Our new well and the land attached to it was called the Goraywala, which means “of the gora ” — one with a whiter complexion. The reason for the name was the colour of the old limestone platform around the well and the chalha , or reservoir. There was always some water in the chalha for the cattle to drink when the Persian wheel was not running. Until the arrival of local hand pumps in the mid-1950s, the Goraywala and its chalha served as the neighbourhood’s communal watering and washing place.

The cleansing of the Goraywala, which had been in disuse for some time after partition, was quite an elaborate ceremony. Blessings were sought from Khwaja, the god of water. Sweets were distributed, and much fun was had by all.

The ageless Goraywala was like an ancient witness to the march of men and women on the roads and streets of our village. It had provided drinking water to unknown travellers as well as generations of Dosanjhes. Thousands of children had peered through its cool water deep into the bowels of the earth. I too wondered at the deep secrets it held. I did not know then what I know now: the Goraywala was once at the heart of life.

Yet to me the Goraywala, being just a few yards away from our home, was an extension of it. In winter, we woke up to see the Persian wheel bringing well water to the surface. Steam rose like mist, giving the surroundings an enchanted look. The occasional winter fog made the Goraywala even more mysterious to my young mind. I would not learn until later that the fog was actually smog. Many a morning, the sun toiled and failed to come through. We conveniently blamed the gods, the sun god included.

In the fall, when the corn crop was harvested at Billayhana, huge, colourful mounds of cobs lay in the middle of a circle of drying stalks. As kids, we got to sleep in that circle under the starlit sky, waking up in the morning feeling as if we were small pieces of a multi-coloured work of art, brilliantly lit by the rising red sun. That beauty helped to mask the gruelling labour the land required. It was back-breaking work — under the scorching tropical sun in May, June and July, and in the dead cold of winter mornings.

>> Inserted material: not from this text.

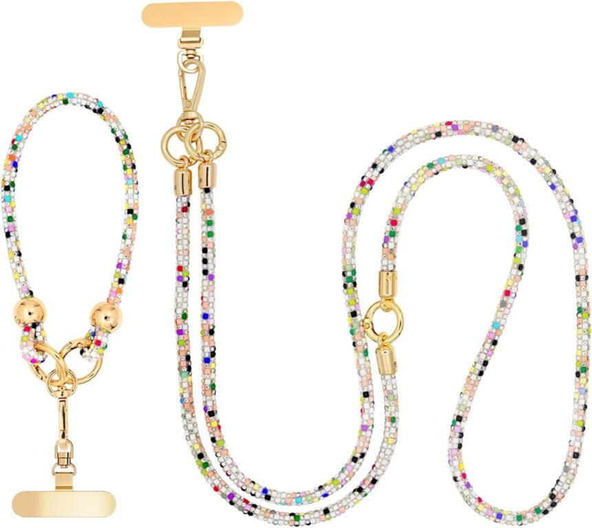 Crystal Phone Strap Crossbody and Wrist Lanyard, Anti Theft Layered & Wrist Strap Cell Phone Neck for Women

In summer, I would sleep outside, either in the yard on the farm or on top of the roof at home. The stars and the moon entertained me. I marvelled at the wonders of the universe. On the moon we saw a shadow the elders told us was an old woman with a charkha , the traditional spinning wheel. She looked distinctly Indian, sitting motionless with both her hands in spinning mode, connecting us to the moon. In the world of my childhood, the moon and the earth were siblings, as they have been to Indians from time immemorial. The earth was our mother and the moon our Chandamama, or maternal uncle.